The murdered man, Jason McKendrick, was a much-loved columnist, a carefree bachelor with a million glamorous women, who also happened to have a very special friend who slept on a filthy mattress in his apartment. As Rebecca and Chris peel back the layers of Jason’s complicated world, they find he was leading not just a double life, but maybe many more. Only one person knows what made him tick. But can she stay alive long enough to tell his story?
Excerpt:
I
once said to one of my clients, a man who’d killed someone in self-defense,
that it must have been the hardest thing he ever had to live through.
“Not
even close,” he said. “Not nearly as hard as my divorce. Learning that someone
I thought I knew was so different; living with that. That’s the hardest thing I
ever had to do.”
The
night Chris Nicholson, my law partner, was nearly arrested for murder I started
to see what he meant. It was a time when everything I thought about the world
changed, everything I thought I knew about human beings and who they are turned
upside down and inside out. And it was probably a change for the better.
I
can say that now that it’s over. I can even say that I think I’m a better
person for it, a bigger and more aware person. I’m certainly a weirder person.

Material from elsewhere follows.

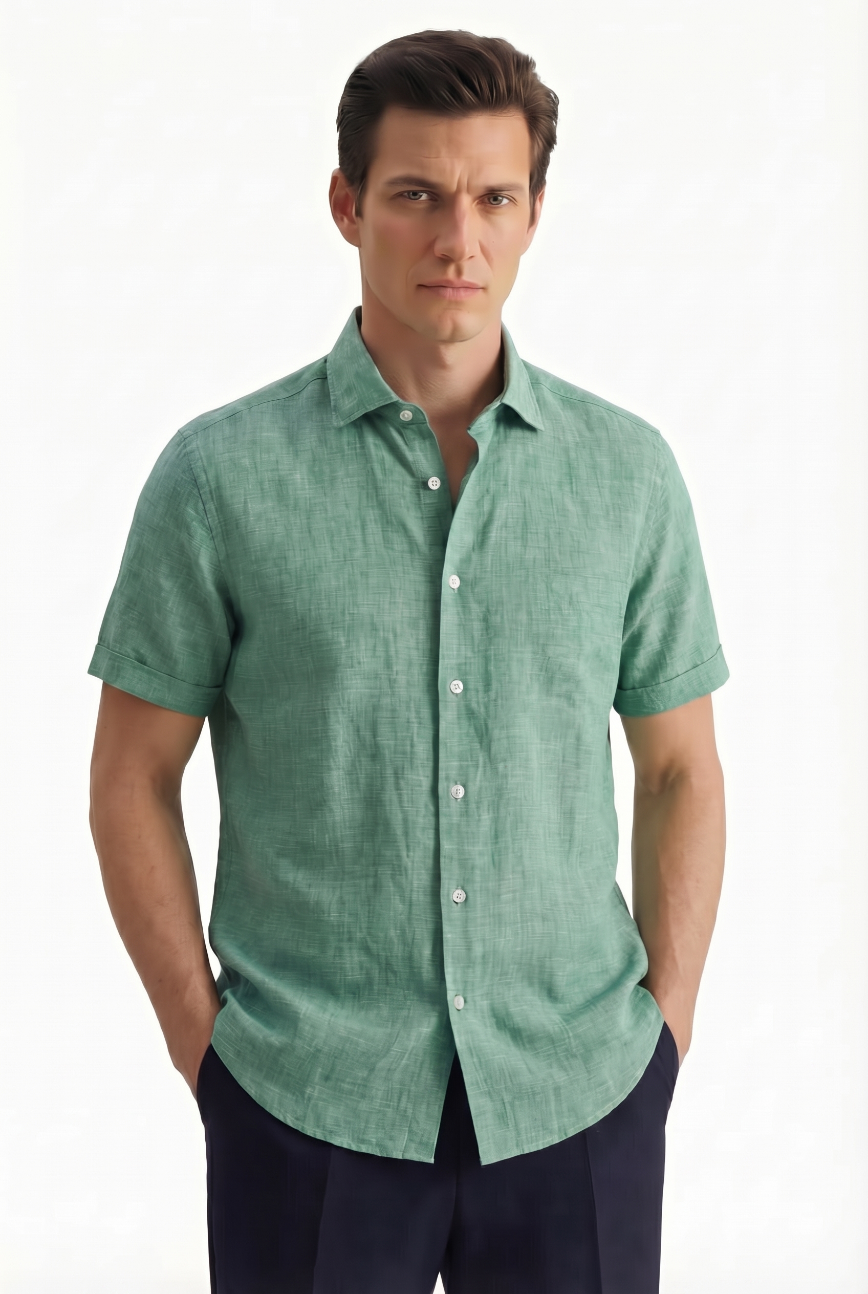 • Прямой силуэт, Классический воротник, Однотонный, Зеленый
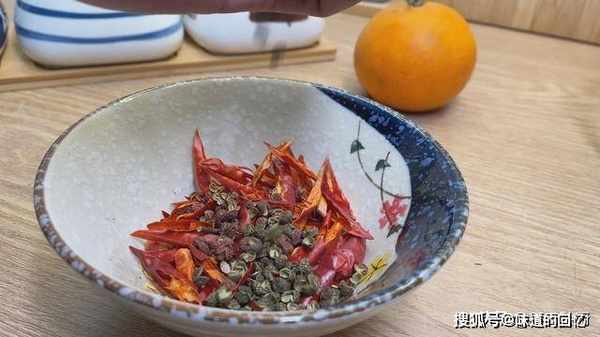 3、这个时间,我们来剪点辣椒丝,我这里用的是微辣比较香的辣椒,加点花椒,加点麻椒,加入清水,把它们清洗一下,清洗掉,多余的灰尘,这样炒制的时候,也不容易糊。

But I notice I’m a little more careful about whom I call weird these days. Who
among us is exactly like the rest of us? And more to the point, who hasn’t got
a secret? Even, maybe, a whole secret life.
I
think I should go back to the old Rebecca for a moment here, just to illustrate
the progression of the thing; the Rebecca of the Cosmic Blind Date.
I
was standing in line at the post office one day, mailing a birthday present, a
job it’s not ethical to give to my secretary—
and anyway, he wouldn’t do it. I was impatient, in a hurry because I had
to go home and pack for a business trip to Seattle. And a man was staring at
me. He was sort of a nice-looking man, in fact a very nice-looking man, nothing
wrong with him except that his hair was a little long and he was rumpled. That
could have meant nothing or a lot, like maybe he was crazy and didn’t care how
he looked, or maybe he was homeless and didn’t have a mirror, which also might
have meant he was crazy. Without being narrow-minded about it, most urban women
would agree, I think, that men who stare at you and might be crazy are probably
best avoided.
I
was busily keeping my distance and avoiding eye contact (or trying to) but I
couldn’t help it, I kept sneaking little nervous glances to see if he was still
staring. And he was, every time.
Finally,
he simply walked up to me and said, “Excuse me, I know this sounds crazy, but
you aren’t named Rebecca, are you? By any chance?”